▶ Data segment
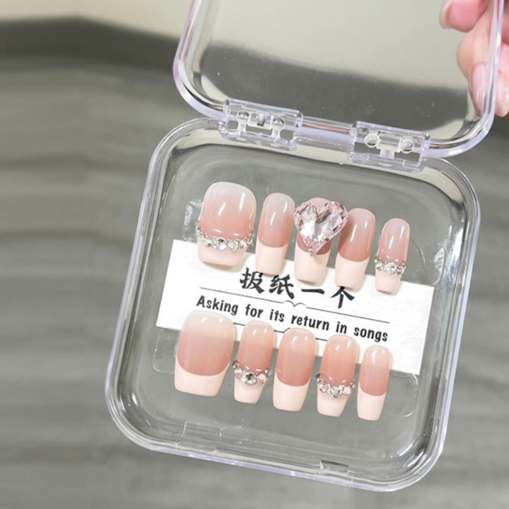 กล่องใส่เล็บปลอม ทรงมน พลาสติกใส อย่างดี กว้าง ยาว 73mm.
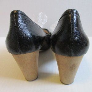 Enzo Angiolini Black Patent Crinkle 'Probably' Round Toe Pumps. 9.5M. Signature padded insoles. 3" wood grain round heels. All measurements are approximate. Please see photos for more details. 0601S
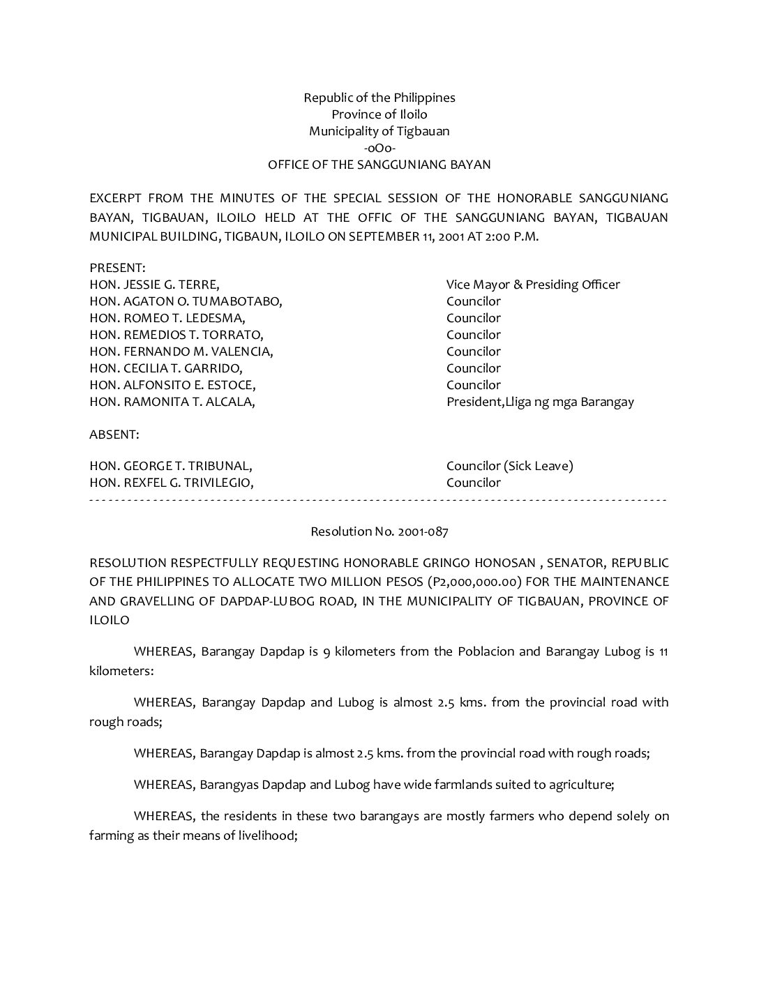 Resolution No. 2001-087

▶ Description of the task
Give back the whole of the material exactly, with the pictures removed.

▶ Answer box
 กล่องใส่เล็บปลอม ทรงมน พลาสติกใส อย่างดี กว้าง ยาว 73mm.
 Enzo Angiolini Black Patent Crinkle 'Probably' Round Toe Pumps. 9.5M. Signature padded insoles. 3" wood grain round heels. All measurements are approximate. Please see photos for more details. 0601S
 Resolution No. 2001-087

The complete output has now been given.